Records supplied ▸
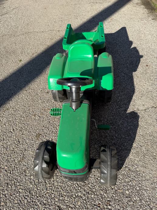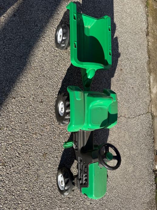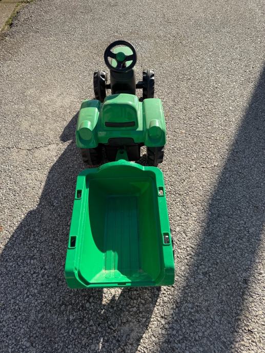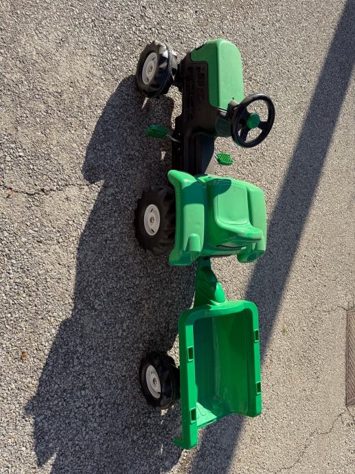 Prodajem dječji traktor na pedale u zelenoj boji s odvojivom prikolicom. Traktor ima funkcionalan volan, udobno sjedalo i stabilne gumene kotače koji omogućuju vožnju po različitim površinama. Prikolica se lako spaja i odspaja, što djeci pruža dodatnu zabavu pri prevozu igračaka ili drugih predmeta. Sve pedala i upravljački mehanizmi ispravno funkcioniraju.
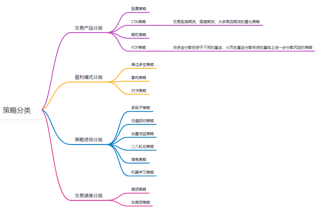 参考知乎上的常见量化交易策略分类一文,量化策略可以按照交易产品、盈利模式、策略信号、交易速度进行分类,具体分类如下:
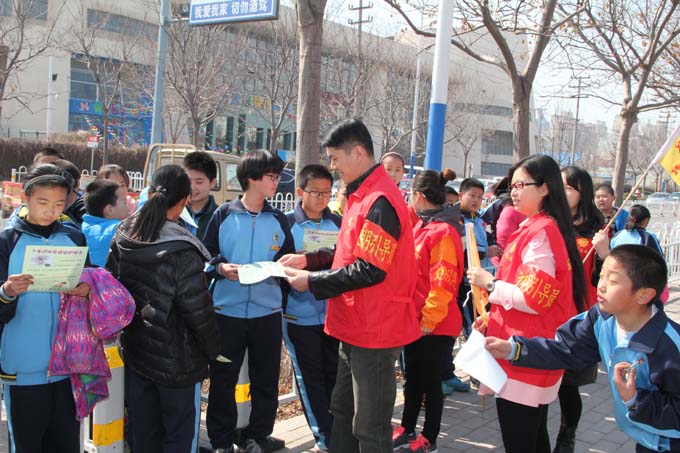 志愿者利用放學(xué)時段在實(shí)驗(yàn)中學(xué)公交車站點(diǎn)向等車的同學(xué)們發(fā)放文明安全乘車宣傳單,耐心地向同學(xué)們宣講安全乘車和文明乘車知識,號召同學(xué)們做到自覺排隊(duì)、文明乘車,建立良好的乘車秩序,展示良好的精神風(fēng)貌,為美麗幸福新東營的建設(shè)做出積極的貢獻(xiàn)。
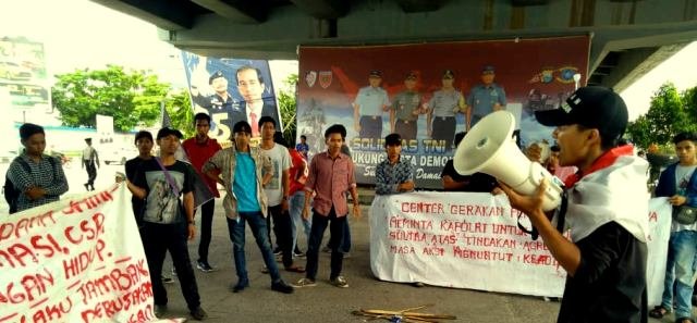 Makassar, Global Terkini.com – Siang tadi, Jumat 8 Maret 2019 sekitar pukul 02.30 wita, ratusan mahasiswa yang tergabung dalam Center Gerakan Mahasiswa Sulawesi Tenggara (Sultra), menggelar aksi unjuk rasa di plyover, jalan Urip Sumoharjo Makassar. Dalam aksi tersebut, mahasiswa menuntut Kapolri Jenderal Tito Karnavian mencopot Kapolda Sultra, Brigjen Pol Iriyanto dari jabatannya, karena di anggap tidak mampu menegakkan supremasi hukum, terkait kekerasan yang dialami sejumlah mahasiswa saat aksi demo di halaman kantor Gubernur Sultra beberapa hari lalu.
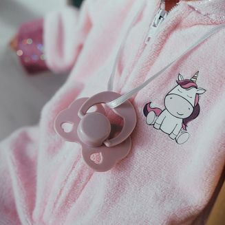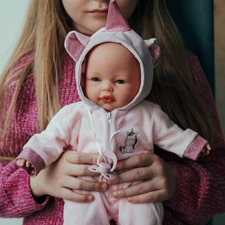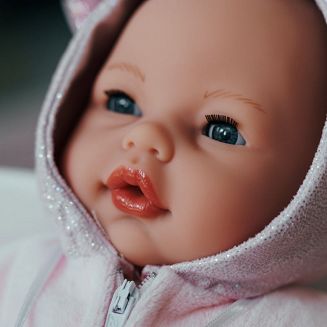 - Interaktywne funkcje – po wyjęciu smoczka lalka płacze i mówi „mama”, „papa”; po ponownym włożeniu smoczka uspokaja się.
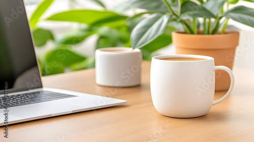 hot drink, mug, desk, laptop, plant, workspace, calm, peaceful, serene, office, home, work, study, morning, afternoon, beverage, drink, hot, warm, wooden, table, computer, technology, greenery, leaf, pot, terracotta, white, simple, minimalist, clean, organised, tidy, efficient, productive, comfortable, relaxing, cosy, inviting, natural, light, bright, airy, modern, stylish, aesthetic, background, scene, image
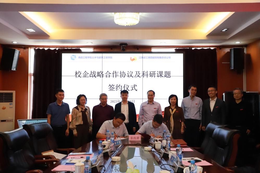 10月16日,校长刘祖文率土木与建筑工程学院相关负责人、教师代表到江西建工第四建筑有限责任公司开展访企拓岗活动。江西省建工集团有限责任公司总工程师李新刚,江西建工第四建筑有限责任公司党委书记、董事长刘建城等公司领导以及部分校友出席活动。
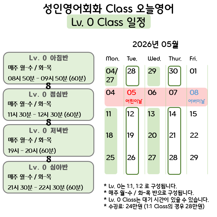 오늘영어의 05월 Class 일정 안내입니다! ☆ Lv. 0 ☆ Lv. 1 ☆ Lv. 1.5 ★ Lv. 2 사전미팅 안내 Class 및 상담 진행으로 통화를 받지 못하는 경우가 많습니다. 문자메세지 주시면 신속하게 답변 드리고 상담 일정 오늘도 파이팅입니다! <img src="https://blogthumb.pstatic.net/MjAyNjA0MjJfNzcg/MDAxNzc2ODQ4ODc2MDg4.6B0WDylUedjvfwn6VmXE1wpDC15dV-Tgyu6OlWv5vxkg.Yr-55fp4ge9fnQrBZOH4ojvvnzVERFNTMp2scTjFFfMg.PNG/Lv._0_(2026.05).png?type=s3" />
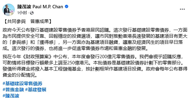 當日推出總值20億港元的十年期政府債券,債券的投標申請總額達105.45億港元。投標對發行額比例,即債券的投標申請總額對債券的發行總額的比例,為5.27。平均接納價是100.43,即以年率計的收益率為3.144厘。(完)
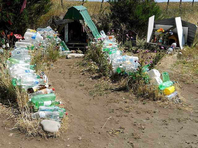 Au passage, nous rencontrons encore un sanctuaire à Difunta Correa, une figure célèbre en Argentine: cette intrépide jeune femme est partie seule dans le désert avec son bébé à la recherche de son mari engagé d’office pendant la guerre civile d’Argentine: elle est morte de soif mais son bébé a miraculeusement survécu. Elle est devenue une figure mythique, et des sanctuaires lui sont dressés partout, où les gens lui apportent des bouteilles d’eau symboliques.
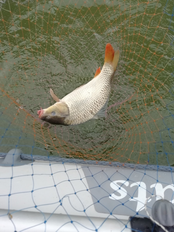 В 6.00 слип на левом берегу. на правом берегу ровным строем от аксайского моста  и до горизонта все забито , на моём же стоит одна лодка на русле. Не захотел я тесниться, стал неподалёку. Замешал сборную солянку из остатков и новых пачек (клубника, тутти фрути, слива) Одна бортовая удочка с ассеметричкой была готова, сразу закинул с боилом слива и опарышем, и стал собирать большой фидер,( короткий кто то умудрился сломать) не прошло и пяти минут, как еле успел поймать удилку. Сазан тянул бодро, борьба минут 5.подняв к борту его осознал, что в сложенный подсак я никак его не заведу ((  после третьей попытки завести в голову без ноги он сделал кульбит и ушёл вместе с монтажом (подвела  основная старая леска 0.25) обидно, первый сазан околотрешник и так глупо потерять. Ладно думаю, шнур уж не оборвет на фидере. Но как назло ещё три подряд схода именно по вине гнилой лески на старой удилке. Остальных я даже не доводил до поверхности. На фидер же с тем же монтажем и нормальным шнуром  ловились только ласкири, на те же бутерброды (бойл 12мм +опарыш) В итоге лишь один  малыш 1,2 кг был удачно припаркован,не считая десятка недокиляков. Не смотря на все остался доволен выездом. Адреналину хватанул, урок получил. Буду снасти приводить в порядок.
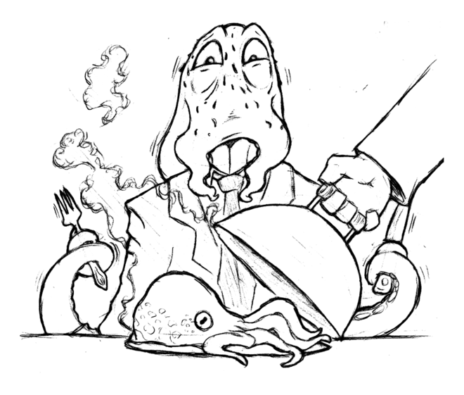 KZ: Right, in the original pitch it was an octopus in a robot human suit, but when they brought it to the larger group we decided it would be funnier if he were just an octopus.

Instructions for the task ▸ Copy out every line of the material above precisely, omitting the pictures.

Written solution ▸
 Prodajem dječji traktor na pedale u zelenoj boji s odvojivom prikolicom. Traktor ima funkcionalan volan, udobno sjedalo i stabilne gumene kotače koji omogućuju vožnju po različitim površinama. Prikolica se lako spaja i odspaja, što djeci pruža dodatnu zabavu pri prevozu igračaka ili drugih predmeta. Sve pedala i upravljački mehanizmi ispravno funkcioniraju.
 参考知乎上的常见量化交易策略分类一文,量化策略可以按照交易产品、盈利模式、策略信号、交易速度进行分类,具体分类如下:
 志愿者利用放學(xué)時段在實(shí)驗(yàn)中學(xué)公交車站點(diǎn)向等車的同學(xué)們發(fā)放文明安全乘車宣傳單,耐心地向同學(xué)們宣講安全乘車和文明乘車知識,號召同學(xué)們做到自覺排隊(duì)、文明乘車,建立良好的乘車秩序,展示良好的精神風(fēng)貌,為美麗幸福新東營的建設(shè)做出積極的貢獻(xiàn)。
 Makassar, Global Terkini.com – Siang tadi, Jumat 8 Maret 2019 sekitar pukul 02.30 wita, ratusan mahasiswa yang tergabung dalam Center Gerakan Mahasiswa Sulawesi Tenggara (Sultra), menggelar aksi unjuk rasa di plyover, jalan Urip Sumoharjo Makassar. Dalam aksi tersebut, mahasiswa menuntut Kapolri Jenderal Tito Karnavian mencopot Kapolda Sultra, Brigjen Pol Iriyanto dari jabatannya, karena di anggap tidak mampu menegakkan supremasi hukum, terkait kekerasan yang dialami sejumlah mahasiswa saat aksi demo di halaman kantor Gubernur Sultra beberapa hari lalu.
 - Interaktywne funkcje – po wyjęciu smoczka lalka płacze i mówi „mama”, „papa”; po ponownym włożeniu smoczka uspokaja się.
 hot drink, mug, desk, laptop, plant, workspace, calm, peaceful, serene, office, home, work, study, morning, afternoon, beverage, drink, hot, warm, wooden, table, computer, technology, greenery, leaf, pot, terracotta, white, simple, minimalist, clean, organised, tidy, efficient, productive, comfortable, relaxing, cosy, inviting, natural, light, bright, airy, modern, stylish, aesthetic, background, scene, image
 10月16日,校长刘祖文率土木与建筑工程学院相关负责人、教师代表到江西建工第四建筑有限责任公司开展访企拓岗活动。江西省建工集团有限责任公司总工程师李新刚,江西建工第四建筑有限责任公司党委书记、董事长刘建城等公司领导以及部分校友出席活动。
 오늘영어의 05월 Class 일정 안내입니다! ☆ Lv. 0 ☆ Lv. 1 ☆ Lv. 1.5 ★ Lv. 2 사전미팅 안내 Class 및 상담 진행으로 통화를 받지 못하는 경우가 많습니다. 문자메세지 주시면 신속하게 답변 드리고 상담 일정 오늘도 파이팅입니다! <img src="https://blogthumb.pstatic.net/MjAyNjA0MjJfNzcg/MDAxNzc2ODQ4ODc2MDg4.6B0WDylUedjvfwn6VmXE1wpDC15dV-Tgyu6OlWv5vxkg.Yr-55fp4ge9fnQrBZOH4ojvvnzVERFNTMp2scTjFFfMg.PNG/Lv._0_(2026.05).png?type=s3" />
 當日推出總值20億港元的十年期政府債券,債券的投標申請總額達105.45億港元。投標對發行額比例,即債券的投標申請總額對債券的發行總額的比例,為5.27。平均接納價是100.43,即以年率計的收益率為3.144厘。(完)
 Au passage, nous rencontrons encore un sanctuaire à Difunta Correa, une figure célèbre en Argentine: cette intrépide jeune femme est partie seule dans le désert avec son bébé à la recherche de son mari engagé d’office pendant la guerre civile d’Argentine: elle est morte de soif mais son bébé a miraculeusement survécu. Elle est devenue une figure mythique, et des sanctuaires lui sont dressés partout, où les gens lui apportent des bouteilles d’eau symboliques.
 В 6.00 слип на левом берегу. на правом берегу ровным строем от аксайского моста  и до горизонта все забито , на моём же стоит одна лодка на русле. Не захотел я тесниться, стал неподалёку. Замешал сборную солянку из остатков и новых пачек (клубника, тутти фрути, слива) Одна бортовая удочка с ассеметричкой была готова, сразу закинул с боилом слива и опарышем, и стал собирать большой фидер,( короткий кто то умудрился сломать) не прошло и пяти минут, как еле успел поймать удилку. Сазан тянул бодро, борьба минут 5.подняв к борту его осознал, что в сложенный подсак я никак его не заведу ((  после третьей попытки завести в голову без ноги он сделал кульбит и ушёл вместе с монтажом (подвела  основная старая леска 0.25) обидно, первый сазан околотрешник и так глупо потерять. Ладно думаю, шнур уж не оборвет на фидере. Но как назло ещё три подряд схода именно по вине гнилой лески на старой удилке. Остальных я даже не доводил до поверхности. На фидер же с тем же монтажем и нормальным шнуром  ловились только ласкири, на те же бутерброды (бойл 12мм +опарыш) В итоге лишь один  малыш 1,2 кг был удачно припаркован,не считая десятка недокиляков. Не смотря на все остался доволен выездом. Адреналину хватанул, урок получил. Буду снасти приводить в порядок.
 KZ: Right, in the original pitch it was an octopus in a robot human suit, but when they brought it to the larger group we decided it would be funnier if he were just an octopus.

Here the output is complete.